Szukaj na blogu

10 maja 2013

Każdy jest "jakimś tam" teologiem

W swojej książce "Podstawy Teologi" Charles C. Ryrie tak ujmuje pojęcie teologii: "Teologia, jest myśleniem o Bogu i wyrażaniem tych myśli w określony sposób." 
W świetle tych słów możemy powiedzieć, że każdy z nas, nawet ateista (który myśląc o Bogu, odrzuca jego istnienie) jest "jakimś tam" teologiem. Teologia, która wyłania się z naszego myślenia o Bogu wpływa bezpośrednio na nasze życie i nasze osobiste credo (wyznanie wiary).  
Skoro każdy jest "jakimś tam" teologiem, to nie ma nic złego, ani niewłaściwego w zajmowaniu się teologią (i tak każdy z nas to robi, myśląc czy wypowiadając się w temacie Pana Boga). Warto więc zadać sobie "trud myślenia" i odpowiedzieć sobie na pytanie: czy do teologi podchodzę uczciwie i rzetelnie, czy też jestem totalnym ignorantem, "wszystko mi jedno", trzymam się od tego z daleka, bo "mogę popłynąć"... jeśli trzymasz się z daleka,to wybacz, już popłynąłeś.

Teologia, to czas... czas poświęcony Bogu (modlitwa), na poznawanie Go (studium Biblii), na rozmyślanie o Nim (weryfikacja poglądów), na mówienie o Nim (ewangelizacja).

Teologia, to poszerzanie naszych ograniczonych, ludzkich horyzontów, to zderzenie się naszych poglądów z prawdą o Nim.

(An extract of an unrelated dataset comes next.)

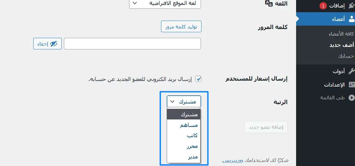 ومن خلال نفس الصفحة يمكنك التحكم في إعدادات مثل لغة الموقع، أو كلمة المرور، أو غيرها من الإعدادات، ونوصي بطبيعة الحال بإدخال عنوان بريد إلكتروني صحيح للمستخدم الجديد. لكن ما يهمنا هي خانة "الرتبة"، وعند الضغط عليها تظهر جميع الخيارات، وهي نفسها ما تحدثنا عنها في الأجزاء السابقة من المقال:

Tematem modlitw Apostoła Pawła była często troska o wzrost poznania wśród wierzących. Miał bowiem pewność, że wraz ze wzrostem świadomości wzrośnie jakość i świętość życia braci i sióstr.

Flp 1,9-11 I o to modlę się, aby miłość wasza coraz bardziej obfitowała w poznanie i wszelkie doznanie, abyście umieli odróżniać to, co słuszne, od tego, co niesłuszne, abyście byli czyści i bez nagany na dzień Chrystusowy, pełni owocu sprawiedliwości przez Jezusa Chrystusa, ku chwale i czci Boga.

Zdrowa teologia, to nie tylko zdrowe, biblijne credo, ale także święte, owocne życie w Duchu Świętym.